Hunh. I never noticed. I just come here for the picture of the dog.
Lori in Denver
Even when you’re not funny, you’re funny.
I know how hard adoption stuff can be. Holding you in my thoughts and wishing you a smooth journey.
I hope Boo’s back gets better soon. Hehe. Does the social worker buy that on the homevisits?
Sam
I think you’re wonderful, and I rely on humor to get me through the rough patches. By “rough patches” I don’t mean writer’s block, I mean life… so I can see where you’re coming from.
I’m sticking around, and so will everybody else… you can count on that.
Amy
Oh dear gods help me… I read the title and the first thing that popped in my head was “I’m glad hubby isn’te reading cause he’d ask if u swallowed and then laugh as I smached him”… *hugs for the crappy stuff, love for the good, and a baseball bat ofr anything that might make the good bad*
Writer Dad
You’re well worth the wait. Take your time.
Becky
Anything you need, I’m here.
Love you lots, and totally in a lube and sex toys way.
Neil
Why do you have to be funny? This is something I talked about in therapy. Maybe I should give you her number. I think you might be surprised and be just as beloved if you were grouchy sometimes. Just make sure you still look good.
Amy
*kills my typo monster and whistles innocently*
SciFi Dad
I hope your adoption woes disappear soon, and you get your little one to love.
Take your time, when you’re ready, we’ll all be here.
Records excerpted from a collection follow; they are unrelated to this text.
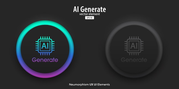 Sett med generative AI-knapper. Aktive og inaktive knapper med AI-brikkesettikon. Trykk på knappen for å skape ideer. Neumorfisme designstil for apper, nettsteder og grensesnitt. Vektorillustrasjon
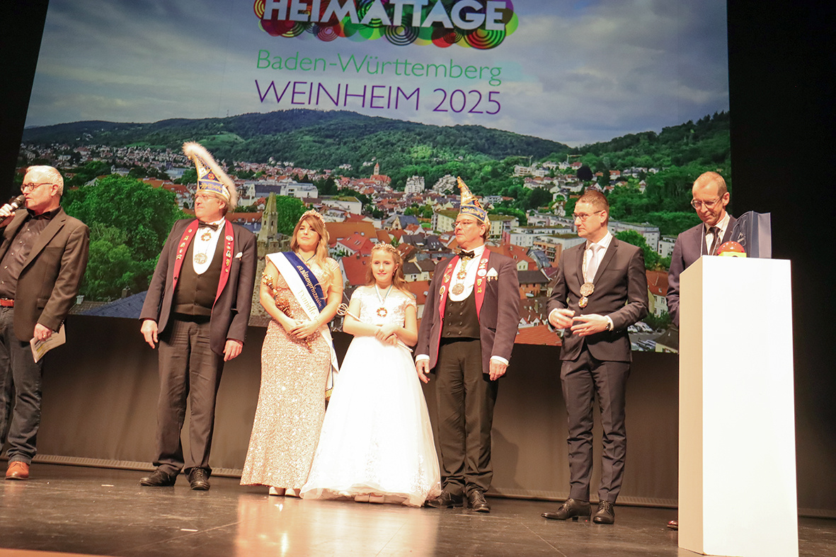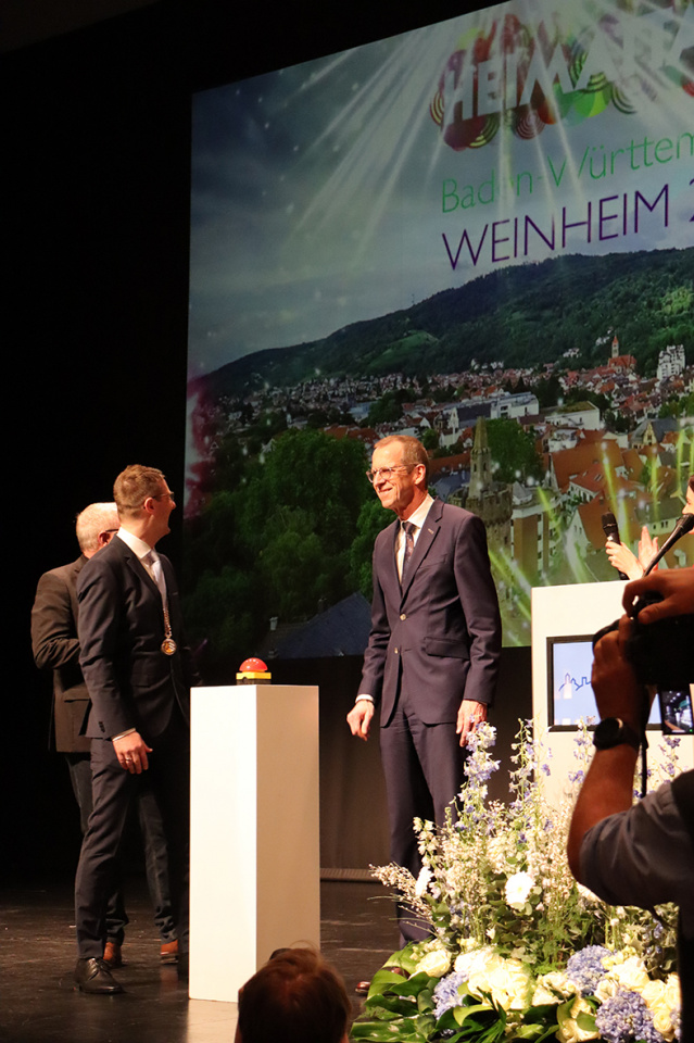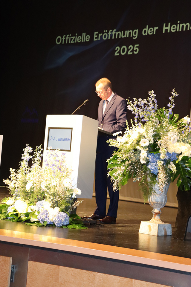 Der Höhepunkt des Vormittags war die feierliche Eröffnung der Heimattage 2025, deren Ausrichter die Stadt Weinheim in diesem Jahr ist. Die Heimattage sind ein Fest der regionalen Kultur und Traditionen und bieten zahlreiche Veranstaltungen, die die Geschichte und Vielfalt der Region erlebbar machen. Der Oberbürgermeister begrüßte diese besondere Auszeichnung und betonte, wie stolz die Stadt darauf sei, Gastgeber dieses traditionsreichen Ereignisses zu sein. Die Besucher können sich auf ein buntes Programm freuen, das sowohl kulturelle Höhepunkte als auch spannende Einblicke in die Geschichte und das Leben in der Region bietet. Die vom Pop- und Jazzchor zum ersten Mal vorgetragene Weinheim-Hymne wird in diesem Jahr sicherlich noch oft zu hören sein. Heimat ist ein Gefühl.
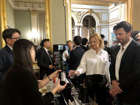 米沢酒造(長野県中川村)の純米大吟醸を試飲したエリン・ジンバーグさんは「辛口過ぎず、バランスの良い味わいで気に入った」と話した。
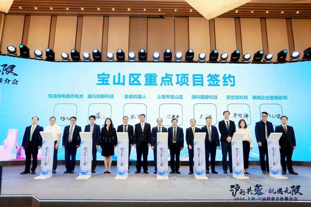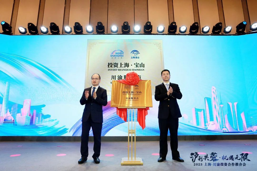 5月19日,“沪利共蓉·机遇无限”2023上海·川渝投资合作推介会在成都隆重举行。本次活动由上海市投资促进工作领导小组办公室、市人民政府合作交流办公室、宝山区人民政府、金山区人民政府共同主办,市投资促进服务中心、宝山区投资促进办公室、金山区投资促进办公室联合承办,中国银行等2023上海全球招商合作伙伴支持。活动上,投资上海·宝山川渝服务点、投资上海·金山川渝服务点揭牌,投资上海·沪川渝商会战略合作启动,搭建上海川渝两地政府、商会、机构、企业近距离沟通、全方位交流的合作平台。
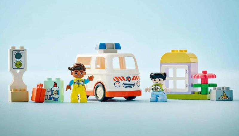Starostlivé děti si užijí hraní napínavých záchranářských scén se stavebnicí Sanitka a řidič. Součástí je pojízdná sanitka a 2 figurky LEGO DUPLO, záchranář a dívka, se kterými si děti užijí kreativní hru na postavy. Tato kreativní hračka LEGO DUPLO představuje skvělý dárek pro malé děti, které mají rády hry na rozvoj sociálních a emočních dovedností, a pomůže jim prohlubovat empatii. Součástí návodu na stavění je tištěné herní kolečko, se kterým rodiče a děti prozkoumají různé emoce postavičky holčičky. Děti s jeho pomocí vyjádří své pocity při tom, když se někdo necítí dobře, nebo jak se cítily, když poprvé viděly sanitku. Stavebnice také pomáhá rozvíjet logické myšlení při sestavování sledu událostí a jemné motorické dovednosti při otevírání střechy sanitky, přes kterou umístí figurku na sklápěcí lůžko. Tato vzdělávací hračka také pomáhá malým dětem rozvíjet sociální dovednosti při rozhodování, jak bude řidič sanitky zacházet s pacientkou.
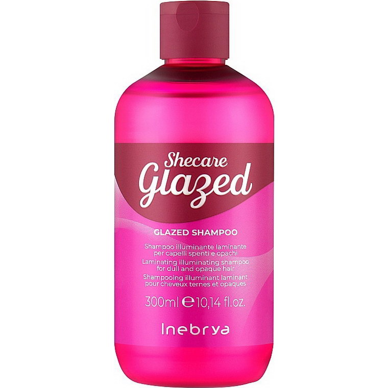 Shecare Glazed Shampoo — це шампунь для блиску волосся з ефектом глазурування. Цей продукт від італійського бренда Inebrya Cosmetics має унікальну формулу, яка зволожує, очищає і пом’якшує пасма. Ви можете використовувати цей шампунь для всіх типів волосся, особливо для пошкодженого. Він подарує локонам неймовірний блиск і сяйво.
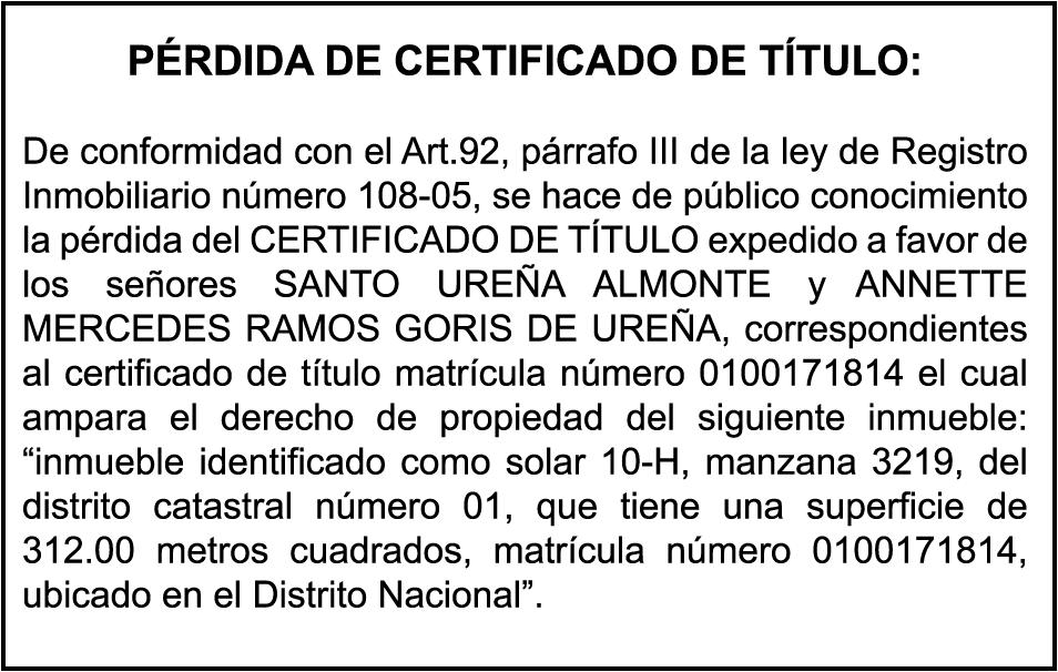 SE hace de público conocimiento la pérdida de certificado de depósito número 816353486 emitido Banco Popular Dominicano, S. A., a favor de WANDA BANIBEL NAVARRO RAMIREZ Portadora de la Cédula de Identidad y Electoral número 0230162774-7 en fecha 2 de diciembre de 2019 por el monto de RD$4,200,446.03
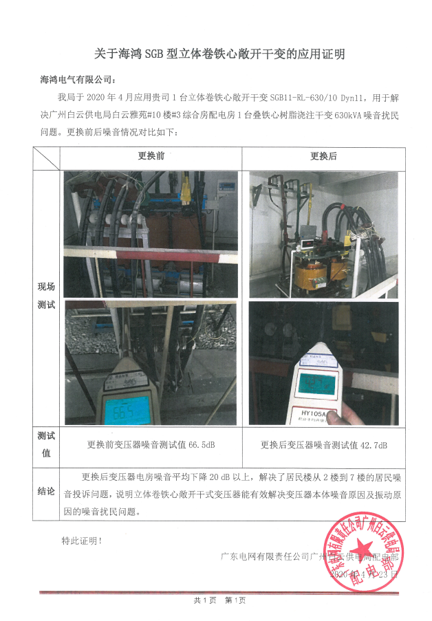 廣州白雲區白雲雅苑10樓綜合配電房內一台630kVA的疊鐵心樹脂澆注幹變噪音過大,嚴重影響2-7樓居民日常休息。廣州白雲供電局選用海鴻電氣SGB11-RL-630/10敞開式立體卷鐵心幹式變壓器進行更換,更換後配電房噪音水平從66.5分貝降到42.7分貝。敞開式立體卷鐵心幹式變壓器結構堅固穩定,有效解決變壓器器身噪音原因及振動引起的噪音問題。
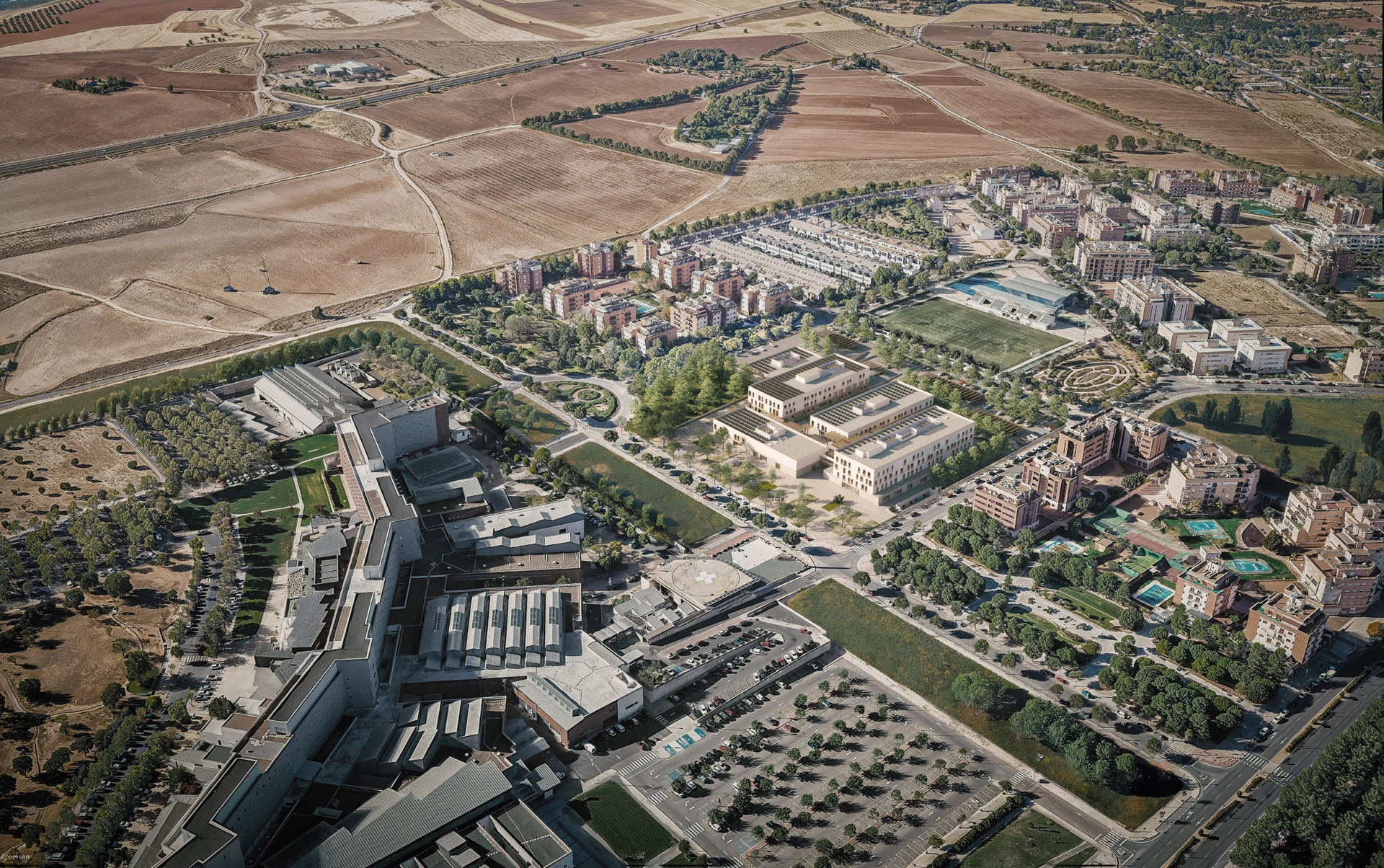 En términos compositivos, el Campus se adapta a la trama urbana y se integra de manera armoniosa en el entorno residencial de las manzanas adyacentes.

Jen @ blissfully caffeinated
“I’m really tired of trying to explain why there is a penis shaped vibrating toy beside our bed.”
You have lots of funny here, girl. And that sentence above made me snort coffee out of my nose, because. Yep. Nothing like waking up in the morning with a “back massager” tucked under your chin because the husband (and yes, it is his job) forgot to put the fun stuff away.
Mr Lady
You know I love you, but stop making me jealous.
Denguy
Mmm… toothless hairy chicks….
Angela
Hang in there, Tanis. Amen to the need for the hubby to put the play toys away. It’s SO his job.
mamatulip
Oh, T. I have been thinking of you so much lately. Worrying about you. I was going to call but then I thought that maybe you just didn’t want to talk about it, again, you know?
Can I do anything? You want me to call you? Fly out there and rub your feet?
I can rub your back with the penis dildo…they really are good for those aches and pains…
Jim
Don’t worry about the funny. It’s still there. It’s good to take time to recharge though.
nomotherearth
Even when you’re “not funny”, you’re very funny. “Damn you blank page!” made me laugh out loud.
kateanon
My thoughts are with you. I know the adoption process is tough – and I hope the woes change soon. Hang in there…
insane mama
If it makes you feel better, I thought this was funny as shit. We will be here, through writers block, through adoption and through all the regular shit that life throws. Don’t apologize and you don’t suck, I mean in the suckie way not in the sexual way, cause how would I know that
Lisa
Good Luck, Tanis! You are in our prayers. Hang in there. We are all pulling for you.